* _What you will do_:
The data below is to be written out exactly, with no pictures.

* _Raw data_:
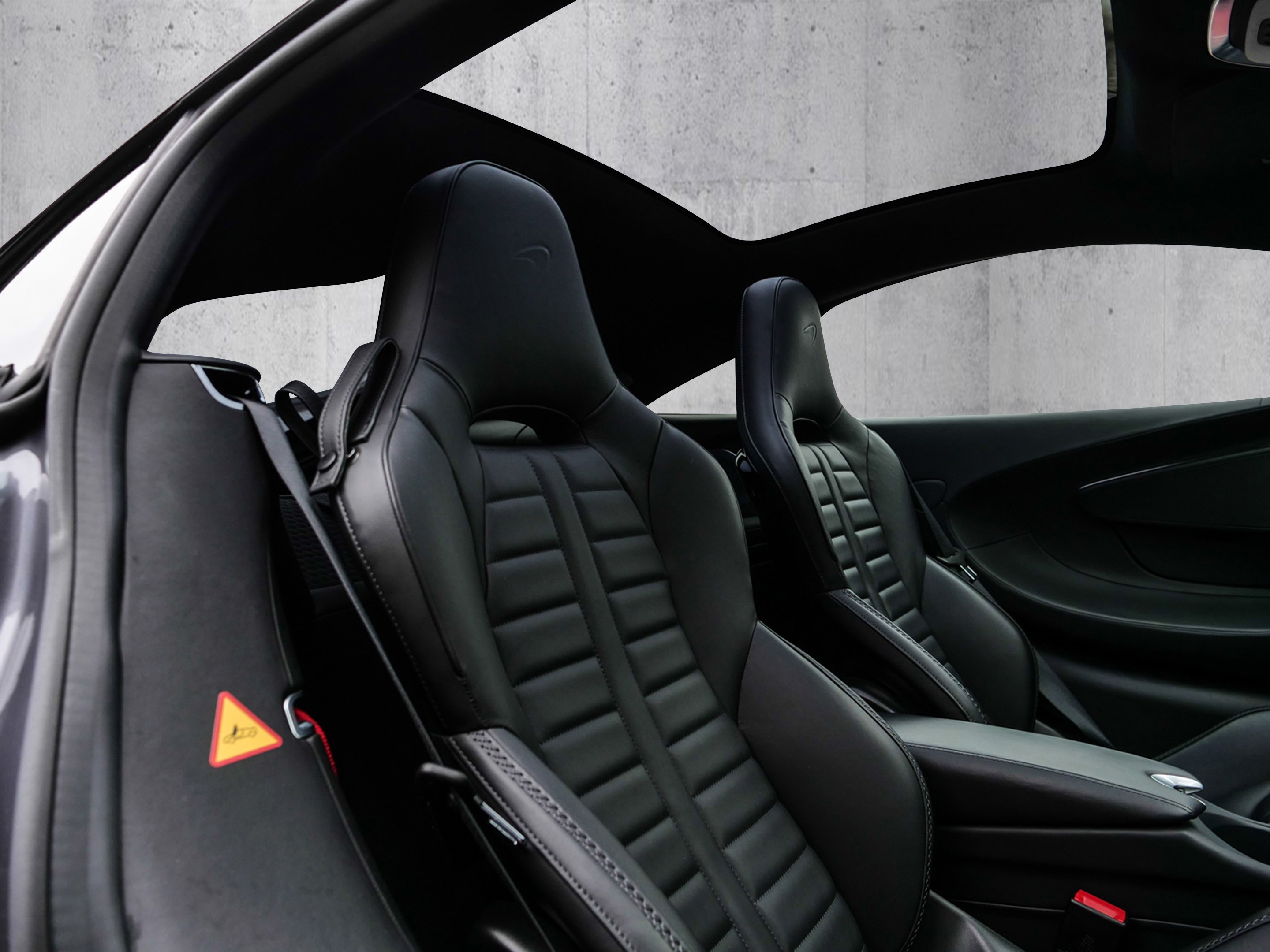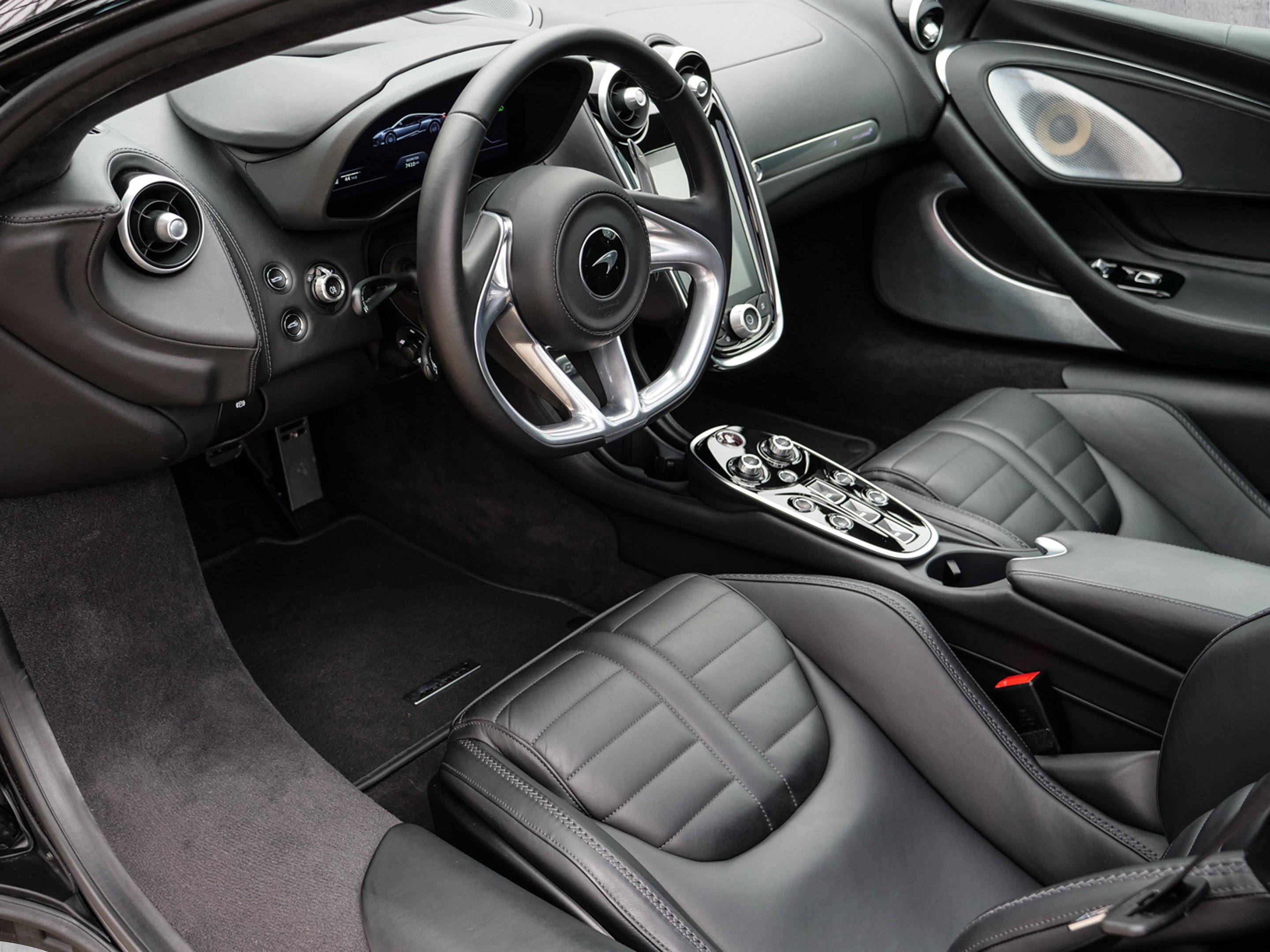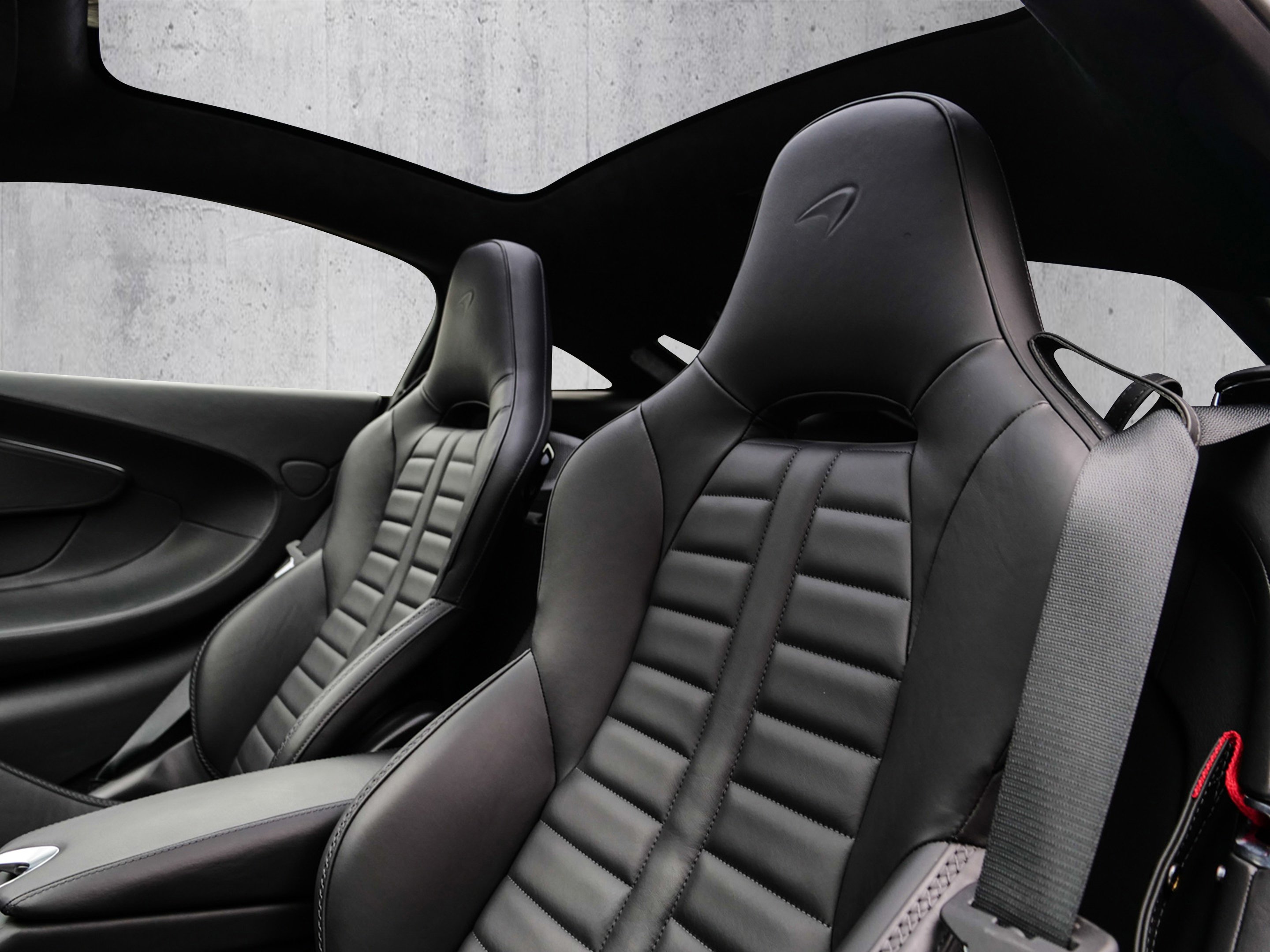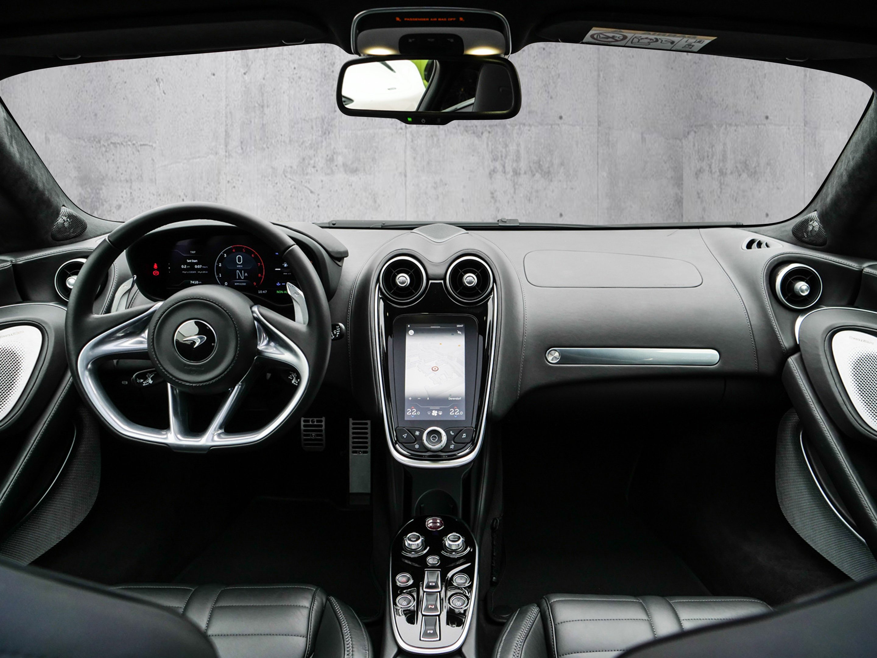 GTS Body Style, Exhaust Finisher - Gloss Black, Armrest with McLaren Branding, Model Year 2025, Main Paint - Anthracite, 10 Spoke 20 Zoll Lightweight Forged Wheels Gloss Black, Brake Calipers - Flux Green with Silver Mashined Logo
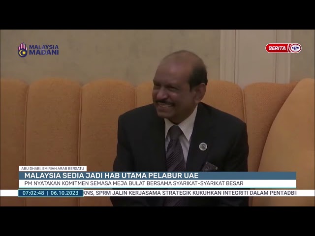 Malaysia sedia menjadi hab utama bagi pelaburan dari UAE. Komitmen tersebut dinyatakan oleh Perdana Menteri ketika sesi pertemuan dengan kapten industry di Abu Dhabi yang menunjukkan minat untuk menambah pelaburan. Ikhwan Samsudin ada laporannya.
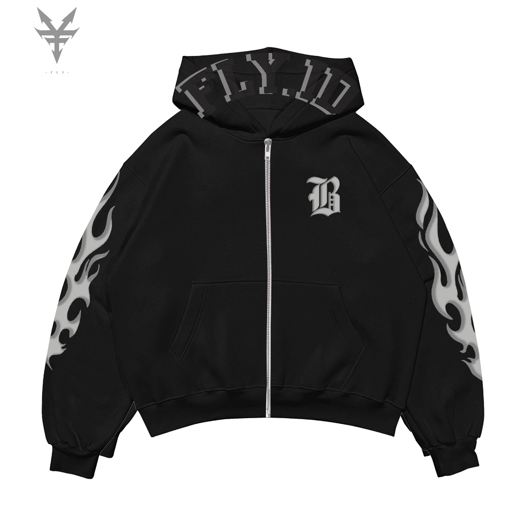 hoodie boxy dan zipper boxy unisex hitam 280GSM
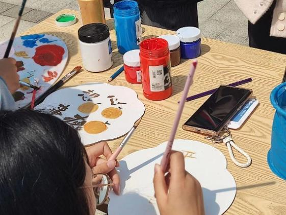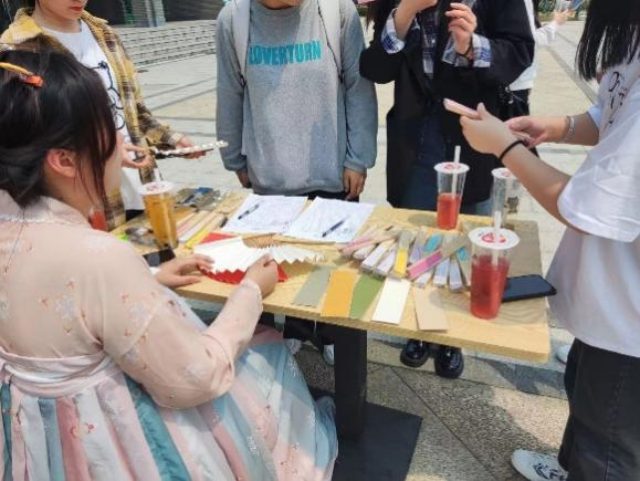 本次活動提倡綠色環保生活的理念,以手工繪製扇麵、書簽作品為主,在DIY中融於中國優秀傳統文化元素。一經開展就吸引了廣大同學的關注,大家積極排隊登記參與,體驗創意手繪的樂趣。

* _Completed task_:
 GTS Body Style, Exhaust Finisher - Gloss Black, Armrest with McLaren Branding, Model Year 2025, Main Paint - Anthracite, 10 Spoke 20 Zoll Lightweight Forged Wheels Gloss Black, Brake Calipers - Flux Green with Silver Mashined Logo
 Malaysia sedia menjadi hab utama bagi pelaburan dari UAE. Komitmen tersebut dinyatakan oleh Perdana Menteri ketika sesi pertemuan dengan kapten industry di Abu Dhabi yang menunjukkan minat untuk menambah pelaburan. Ikhwan Samsudin ada laporannya.
 hoodie boxy dan zipper boxy unisex hitam 280GSM
 本次活動提倡綠色環保生活的理念,以手工繪製扇麵、書簽作品為主,在DIY中融於中國優秀傳統文化元素。一經開展就吸引了廣大同學的關注,大家積極排隊登記參與,體驗創意手繪的樂趣。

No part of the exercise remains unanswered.